Qualcomm Technologies announced Monday that it conducted the first successful extended range 5G data call over mmWave.
Range has been a key obstacle for cellphone carriers as they move to mmWave technology to take advantage of faster 5G speeds. Qualcomm's breakthrough could speed up deployment of 5G smartphones.
Qualcomm reported that it conducted a 5G call over a 2.36 mile distance, double the distance that it had projected when it unveiled its new antenna system last year. Qualcomm worked with Casa Systems, an ultra-broadband provider, and Ericsson, the multinational telecommunications company, on the project.
Few details of the achievement were released, but Qualcomm stated the groundbreaking call "was achieved by applying extended-range software to commercial Ericsson hardware."
According to Gautam Sheoran, senior director of product management at Qualcomm, "With this major milestone being the first step in utilizing mmWave for an extended-range 5G data transfer, our collaboration with Casa Systems and Ericsson is paving the way to implement fixed broadband services for broad coverage in urban, suburban and rural environments."
It is unknown how much, if any, reduction in speed resulted with the achievement of the extended range.
The most common concern about 5G technology is the significant loss of signal strength when passing through such building materials as brick and cement. Wood and glass windows result in attenuation as well, although to a lesser extent than brick and cement.
This weakness means that in addition to relatively short transmission distances, users in a city environment, for instance, may find degraded call quality as they move from inside to outside a building. Distance limitations also mean that phone users must be within roughly a block of a transmission tower to maintain a solid wireless signal.
Rain and humidity also contribute to some weakening of 5G signals.
But Qualcomm's doubling of 5G transmission distance is a sign that such barriers may be falling. Massive multiple-inut, multiple-output (MIMO) structures situated throughout heavy populated areas that use beamforming to bypass physical obstacles will also help ensure steady phone connections.
The new mmWave technology is poised to be the fastest mode in emerging standards. Phones and modems relying on mmWave 5G can achieve transmission rates of 1 Gbps to 2 Gbps as long as they are within range of 5G towers.
Europe, South Korea and China have been moving towards 5G adoption using spectrum in the mid-band ranges. This offers an ideal balance between speed and performance. Low-band spectrum, below 1 GHz, provides extended range coverage but at less than optimal speeds.
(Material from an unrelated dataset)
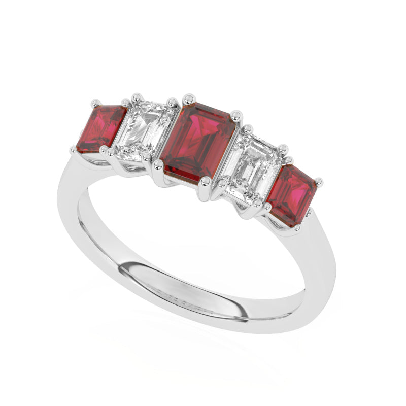 Description: Diamond & Ruby Five Stone Ring, Set with Emerald Cut Lab Rubies & Emerald Cut Lab Diamonds, Set in 9ct or 18ct White Gold or Platinum

High-band spectrum, 24GHz to 40 GHz, also known as millimeter (mmWave) band, offers speedy connections but limited range.
Phone carriers in the United States, facing diminishing availability along the mid-band spectrum, have looked to the high-band range.
The earliest cellphone networks, which did not require the high-speed abilities necessary for today's smartphones, ran in the low-band 800 MHz spectrum. That portion of the spectrum was referred to as "beachfront property" because of its desirable capacity to accommodate thousands of consumers within a few hundred square mile range of cell towers.
"As operators look to close the digital divide and expand broadband services throughout rural, suburban and urban communities," Steve Collins, a senior vice president at Casa Systems, "the technology in this data connection underscores the critical role mmWave will play in the global proliferation of 5G networks."